Soul Murder (revisiting EDUCATION)

M. Wesch is at it again. His latest blog post revisits his video A Vision of Students Today and the inadequacy of the current education system. He calls it soul murder, referring to this book.

Wesch nails it right on the head when he explains that our education system, rooms included, is designed for a world in which information is scarce.

In this world, the teacher is the provider of information.

This is not the world we live in anymore.

The problem in our world is not access to information: It is access to too much information. Education should solve a new set of problems.

I don’t have THE answer – neither does Wesch, though he’s much closer to it than I am. But I can’t help but think about it most of the time. Here are some thoughts about what education should do to serve students in this day and age:

If the teacher is no longer the provider of information, maybe the teacher should be a guide to (parts of) the information space. A coach.

The teacher’s job becomes (not an exhaustive list):

  • to guide students through advanced, highly targeted search techniques in several (kinds of) information spaces
  • to help students map out the fragmented, multivocal information space; or to provide through schemata for reconciling this pluralirty and fragmentation (postmodernism, anyone?)
  • to help students make judgments about selecting and evaluating information
  • to coach students about synthesizing and organizing these different types of information
  • to teach students the skill of decision making: students should make decisions about the most effective ways to present information – instead of giving them recipes for papers, allow students to make decisions about presenting information
  • to create learning experiences where students use the above techniques to solve real-life problems
  • to adapt teaching style to students’ learning and technology usage styles
  • in short, to coach flexible and nimble thinking, decision making, and adaptable communication/writing skills

What do you think? What are the ways in which the education system is failing? What should education do for students? What should the teacher’s job be?

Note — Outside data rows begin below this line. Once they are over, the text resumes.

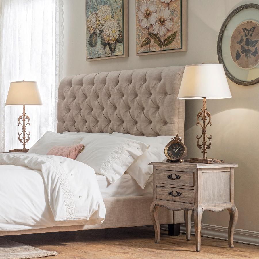 - Schwedisch beliebtesten Marke - Ikea mit der Oppland KollektionDarin gibt es ein paar Modelle mit einem textilen Kopfteil.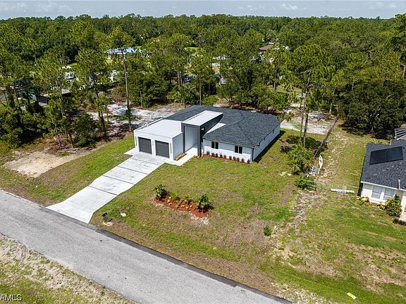 Why wait for your home to get built when you can purchase this NEW CONSTRUCTION MOVE-IN READY home that sits on 1/2 acre. This is a 4 bedroom, 2 bath home with almost 2000SF. This stunning home has an open floor plan, 14 ft high ceilings, porcelain flooring, high gloss inset kitchen cabinets with soft close drawers, quartz countertops with waterfall sides & porcelain backsplash, modern bathroom fixtures, glass shower doors, high gloss vanities with full sized mirrors & overhead lighting and marble windowsills, imported solid core interior doors with sound seal, including modern hardware for doors and electrical outlets. Home includes tankless hot water heater, extra storage cabinets in laundry room, hurricane resistant exterior doors & windows, epoxy flooring in the garage, outdoor security cameras with smart home integration, hurricane rated garage doors, all lights work with smart home integration system and much more. Relax in the back lanai overlooking the large shade trees. Come take a look at this home!!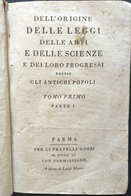Dell’origine delle leggi delle Arti e delle Scienze e dei loro progressi presso gli antichi popoli.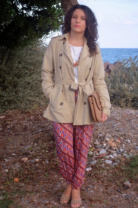 ¿Qué pensáis de mezclar en cuestiones de moda? Yo no soy muy atrevida la verdad...pero con este tiempo tan raro cualquiera sale decente a la calle. El otro día os comentaba sobre el boom de los trench, y es que es una prenda imprescindible esta temporada, queda bien con cualquier cosa, y sino atentos al look de hoy. Os propongo un mono de la temporada de verano, sí, es veraniego, pero sinceramente en verano pocas veces me pongo pantalón largo, por no decir que nunca, así que lo utlizo ahora este "veroño". Como es muy colorido, en tonos naranjas y lilas, lo he combinado con sandalias y bolso en colores neutros para no quitarle protagonismo. Para el frío de las mañanas y las tardes-noches, mi trench, que desde hace unsas semanas me acompaña casi todos los días. ¿Qué os parece el look de hoy?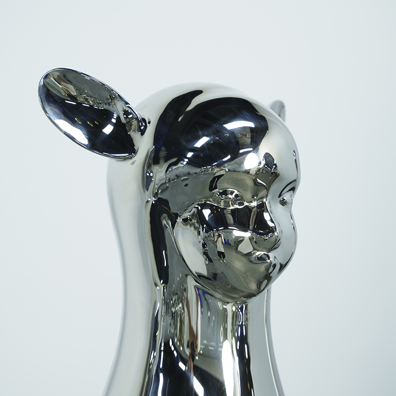 This silver lamb sculpture is carefully crafted from high-quality stainless steel, with a smooth and shiny surface, showing a refined modern feel. The sculpture design is simple and elegant, combining the perfect fusion of animal image and artistic creation.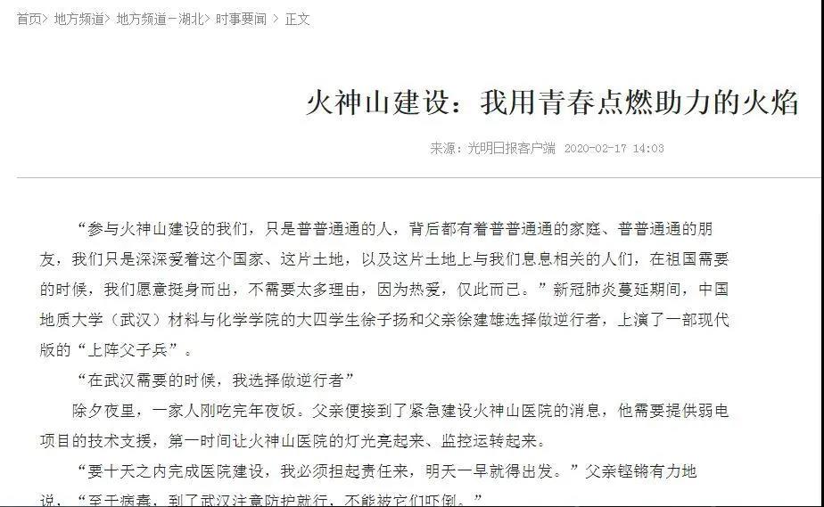 2020年春节期间,新冠病毒引发的肺炎疫情爆发,武汉的天空阴霾密布。在全网直播的火神山医院建设现场,几千万人的同时注视下,一名来自kaiyun开云官方网站的学生,穿着工作服、戴着安全帽和口罩,与父亲一起参与医院建设工作。他就是徐子扬。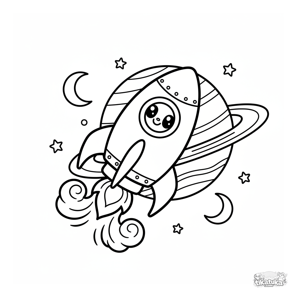 Página para colorear espacial fácil para niños pequeños 2-5 años: un cohete alegre con cara sonriente vuela alrededor de un gran planeta anillado contra un vasto fondo blanco con estrellas simples.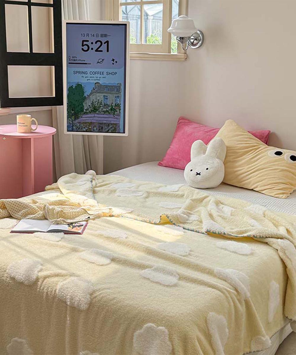 ふわふわの肌触りが魅力のブランケット。雲柄やハート、リボン柄など、遊び心あふれるデザインがとってもキュート!裾にはふんわりとしたポンポン付き。柔らかく軽い素材が身体を優しく包み込み、お部屋でのくつろぎタイムやオフィスでの冷房対策、アウトドアでのひざ掛けとしても大活躍◎シンプルなインテリアにも馴染みやすく、ソファやベッドにさっと掛けるだけでおしゃれな空間に♪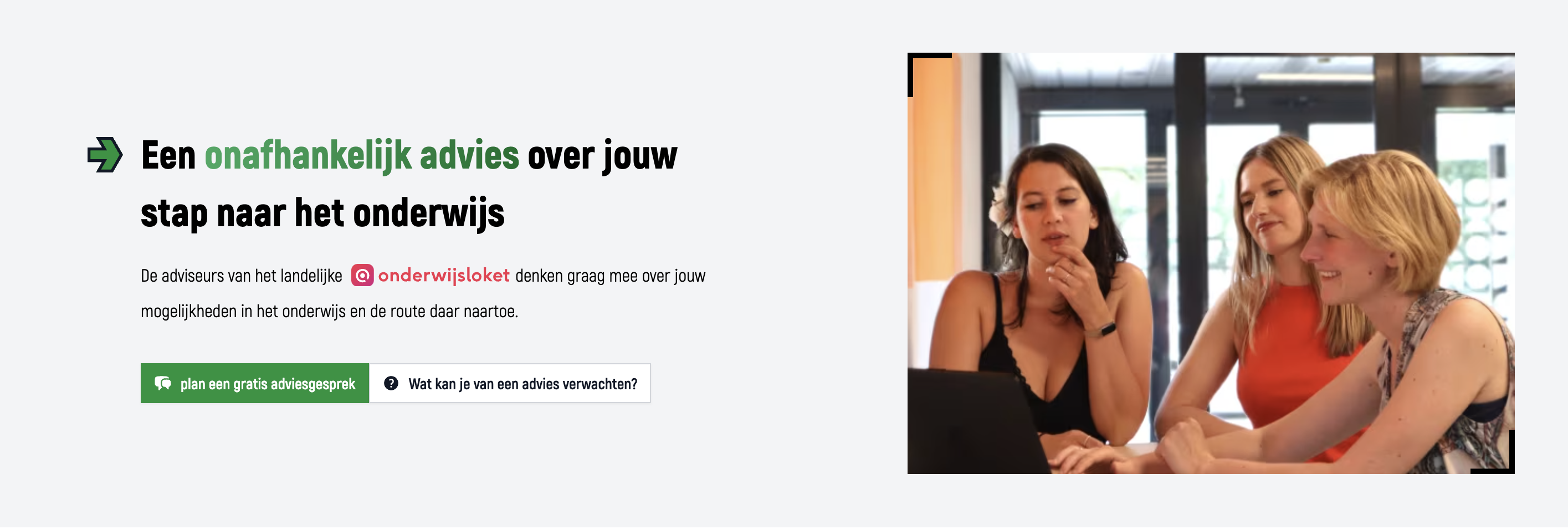 De adviseurs van [het landelijke Onderwijsloket](https://onderwijsloket.com) denken graag mee over jouw mogelijkheden in het onderwijs en de route daar naartoe.

3 thoughts on “Soul Murder (revisiting EDUCATION)”

  1. I’ve seen this video before, but I can’t remember where! It was shown to me in one of my classes. It’s very thought-provoking. I think your view of the teacher as a coach is right on target. We don’t have the time, considering that we see you twice a week for a grand total of 2.5 hours, for you to talk us through everything you want us to learn. We have to take matters into our own hands. Knowing that you are there as a coach/guide and a constant supporter has made me feel less insecure about experimenting with blogging, Twitter, and other online tools. I know that if I don’t understand something or am confused, you’re only an e-mail or Tweet away!
    I loved the section of Dr. Wesch’s post that addresses how students tend to just “get by” and that students are so alienated by education that they see it as something to sneak right past. I’ve always thought of these students as the ones who don’t really care if they take anything away from the course at the end of the semester. It doesn’t matter to them if they retain anything they learned, as long as they remembered the information for the test. As college students, we have an opportunity to learn so much. Why not take advantage of it? The best teachers I have ever had have inspired me to learn and succeed. They have made me want to see the world, experience all that I can, and learn as much as possible. I think that they have succeeded in doing this by bringing something new to the classroom. The whole “read to the class from the book while they take notes” thing just doesn’t always cut it. By addressing the world we live in, the ways we view the world, and bringing new ideas into the classroom, I think you have done an excellent job of inspiring us to learn and experience things for ourselves.

  2. Thanks for linking me to Dr. Wesch’s post. It was one of the best education-related articles/posts/etc. that I have ever read.

    I like the coach analogy. I think you are on the right path. I’t has me thinking of a security guard/ tour guide at a museum. Rather than being the gatekeeper- controlling what information students are given, perhaps educators should be the tour guides walking students through all that is out there and highlighting what is important.